When looking at the write penalty, the fully random IO pattern would mean that a RAID5 group would probably encounter a write penalty of 1:4, where a RAID10 group would only encounter a penalty of 1:2. This means you would require less disks to obtain the performance you need when comparing to RAID5.

Finally, disksize comes to mind. If the database is relatively small, RAID10 would propably be cheaper (!!) than RAID5. Why? Well, lets assume you use 15K SAS disks, which perform about 200 IOPS each, and your database requires 600 ROPS and 600 WOPS simultaneously, and is only 500Mbytes in size. You then would need:

RAID10 would need:

For performance: 600 ROPS / 200 = 3 spindles for reading, and 600 WOPS / 200 * 2 = 6 spindles for writing. This sums up to 3+6=9 so 10 disks in RAID10 would suffice. Using 146GB disks, you would get 5*146 GB = 730 GB, so this would suffice.

RAID5 would need:

For performance, 600 ROPS /200 = 3 spindles for reading, and 600 WOPS / 200 * 4 = 12 spindles for writing. This sums up to 3+12 = 15 spindles in total, so you’d require a (14+1) RAID5 set, which personally I would never do (rebuild time and impact!).
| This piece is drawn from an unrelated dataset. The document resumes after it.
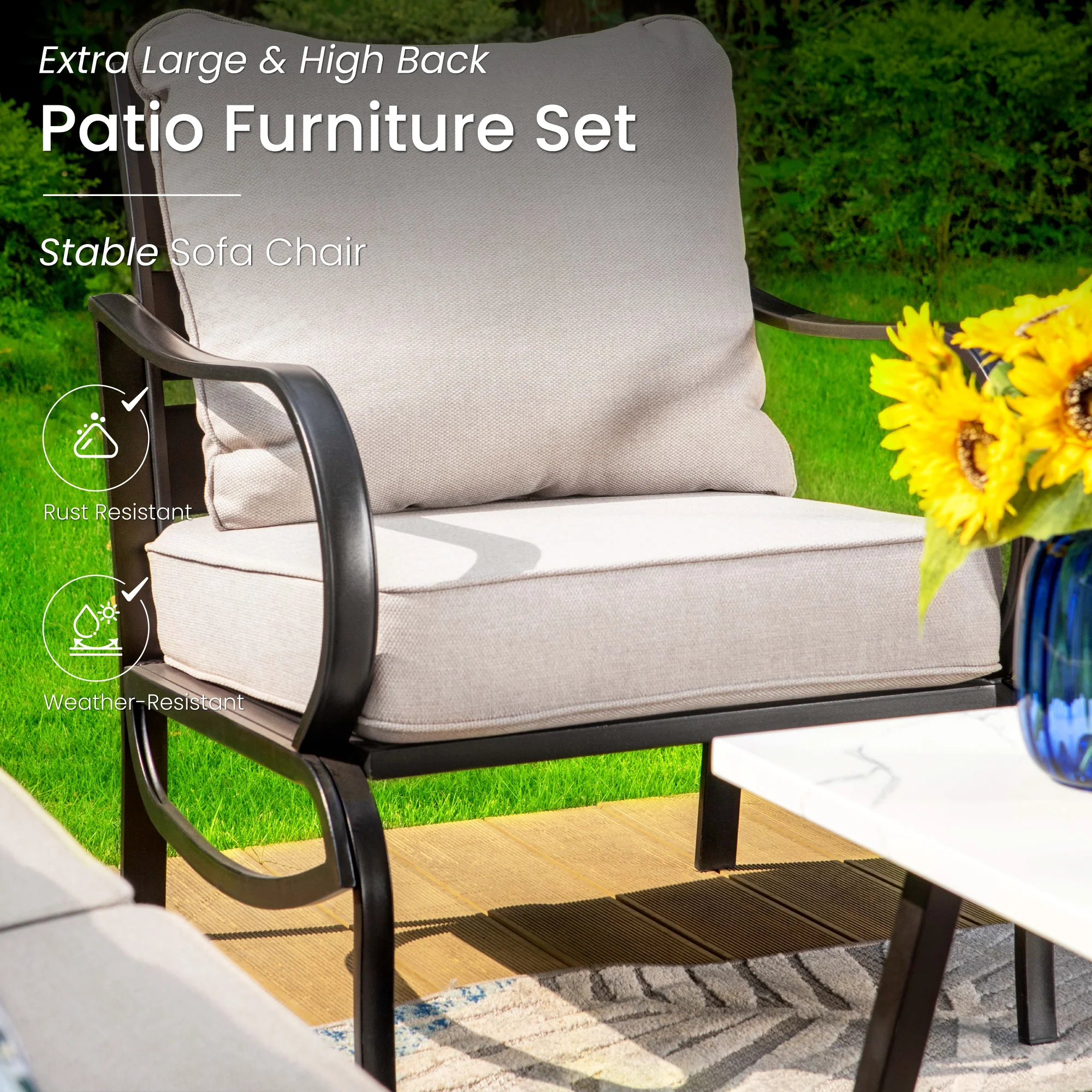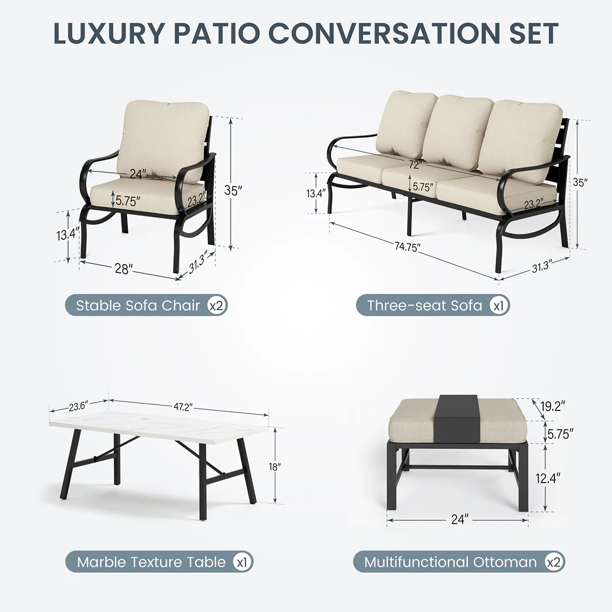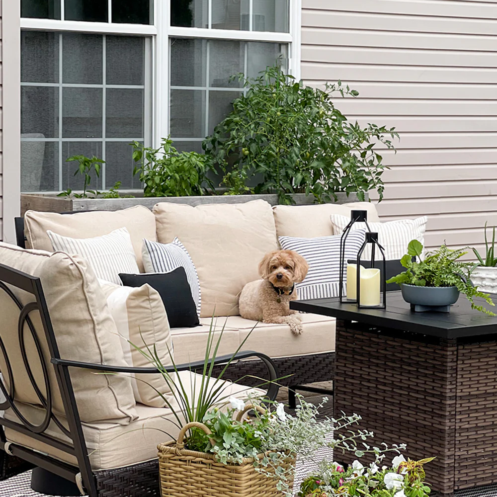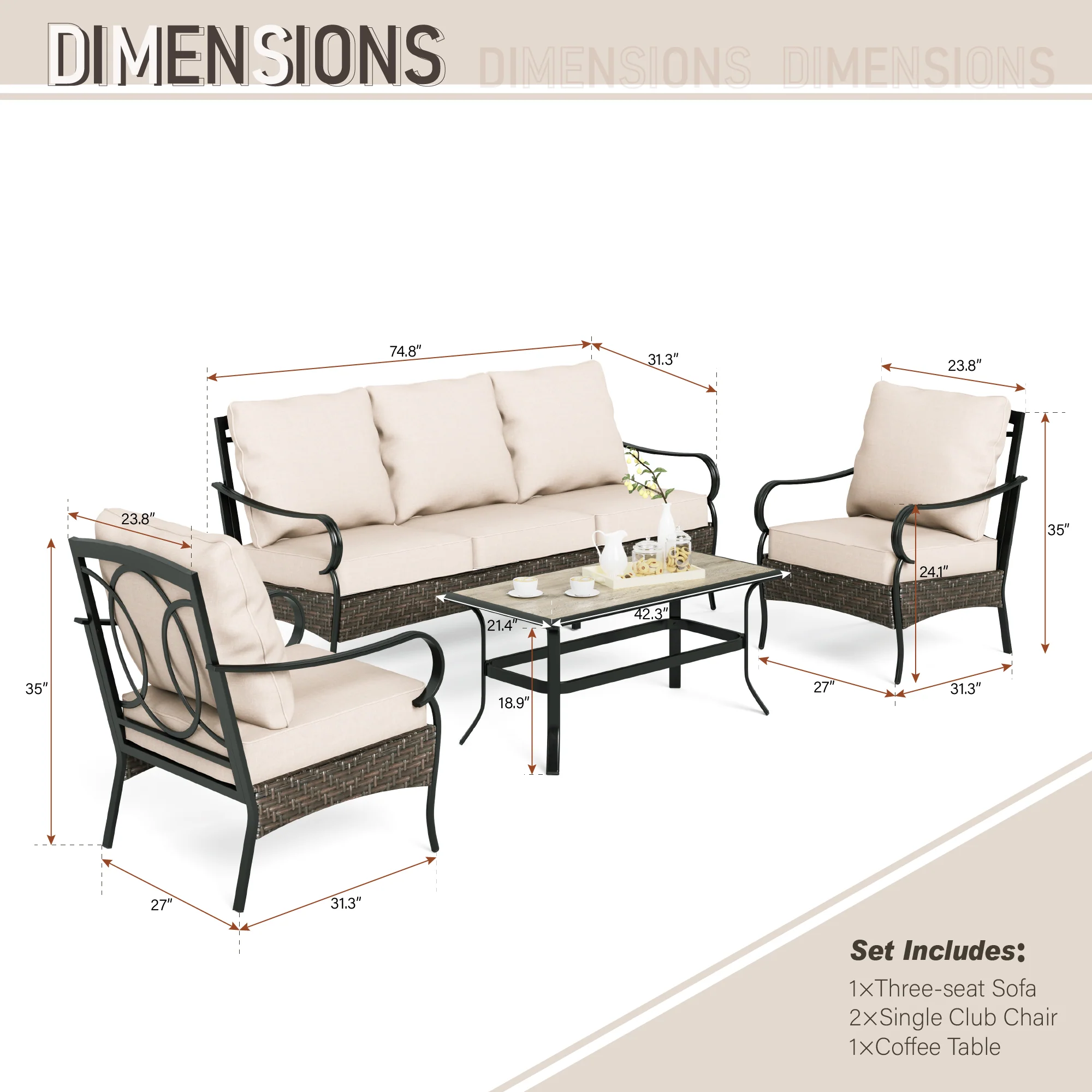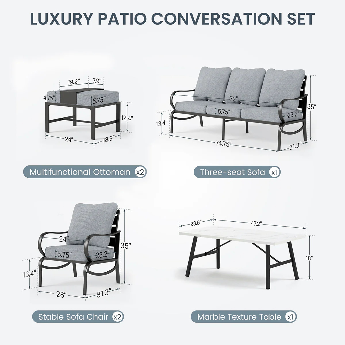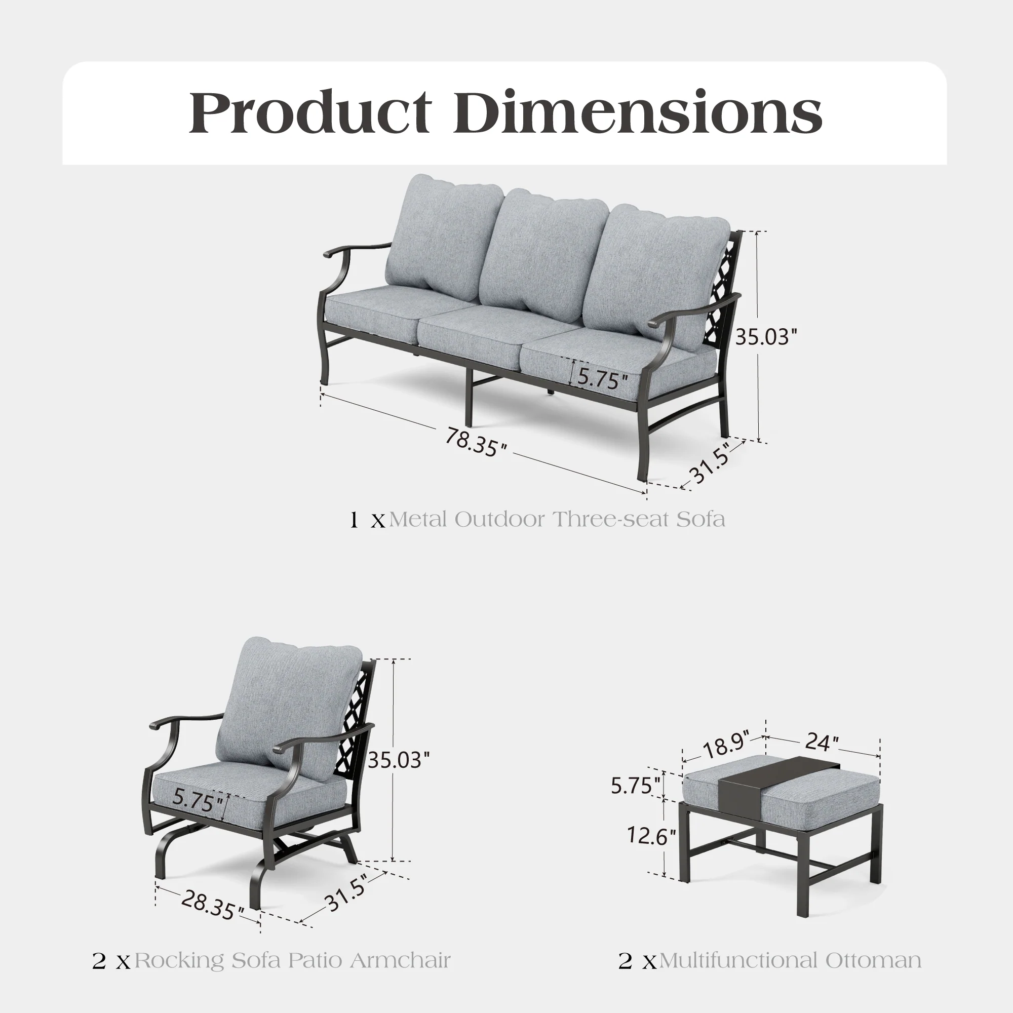 PHI VILLA 5-Seat Rattan-steel Luxury Padded Patio Conversation Set

So in this example, RAID10 would actually save you 5 disks (and gain a much better rebuild time with much less impact). RAID10 would be THE way to go here.
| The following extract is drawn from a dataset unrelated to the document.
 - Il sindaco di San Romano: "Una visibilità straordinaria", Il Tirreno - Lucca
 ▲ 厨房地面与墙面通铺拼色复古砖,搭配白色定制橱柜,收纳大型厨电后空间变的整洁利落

Example two: sequential writing video application

In example two, we have a video application which needs to stream a lot of data to a raid group. Again we reserve a set of disks for this application (so the stream will remain purely sequential). Lets say we need to save a stream of 100MB/sec to 7200rpm SATA spindles, 100% writes in blocks of 1Mbyte (larger blocks help of course in a sequential write scenario)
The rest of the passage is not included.